Re: Reduce heap tuple header size

From
Tom Lane
Date:
Jan Wieck <JanWieck@Yahoo.com> writes:
> Well, it turned out that pgbench does a terrible job with runtimes below
> 30 minutes. Seems that one checkpoint more or less can have a
> significant impact on the numbers reported by such run.

Yeah, it is *very* painful to get reproducible numbers out of pgbench.

> Using the above, the discussed change to the tuple header shows less
> than 1% difference.

So the bottom line is that there is probably no measurable performance
difference, but a 3% space savings, at least for average row lengths
comparable to those used in pgbench.  (Obviously the space savings is
going to depend on average row length...)

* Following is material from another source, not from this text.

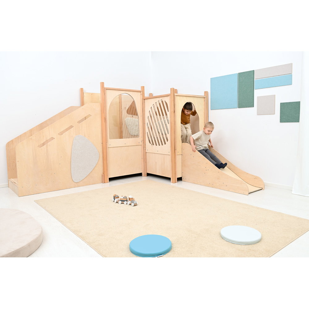 Von der Rutsche über die Treppe bis hin zur Sensorik- und Spiegelwand bietet dieses Set abwechslungsreiche Aktivitäten, die keine Langeweile aufkommen lassen. - Nachhaltige und unbedenkliche Materialien
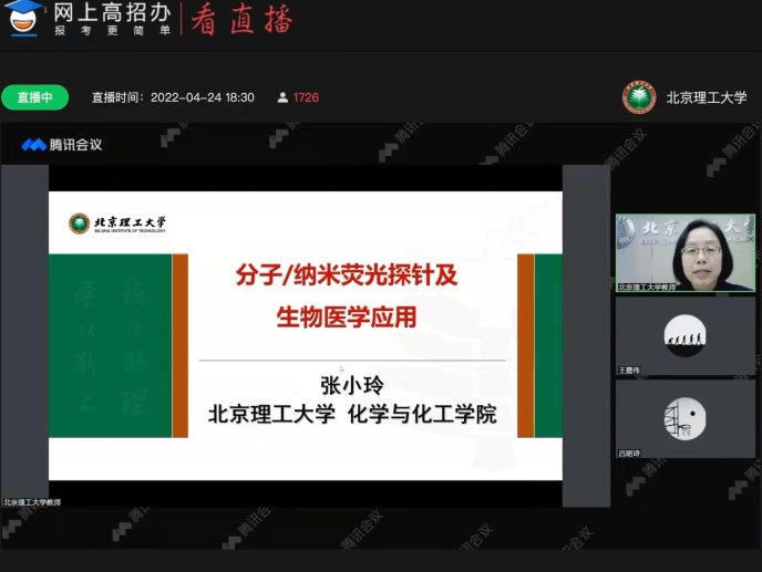 4月24日晚,甘肃招生组继续举办“理学与材料大类专业”专场宣讲会。化学与化工学院教授张小玲、数学与统计学院教授史福贵、生物医学工程系教授陈端端、甘肃招生组马晓龙共同通过网上高招办平台与考生和家长见面和答疑,约6000名家长、考生在线观看。

            regards, tom lane



Re: Reduce heap tuple header size

From
Jan Wieck
Date:
Tom Lane wrote:
>
> Jan Wieck <JanWieck@Yahoo.com> writes:
> > Well, it turned out that pgbench does a terrible job with runtimes below
> > 30 minutes. Seems that one checkpoint more or less can have a
> > significant impact on the numbers reported by such run.
>
> Yeah, it is *very* painful to get reproducible numbers out of pgbench.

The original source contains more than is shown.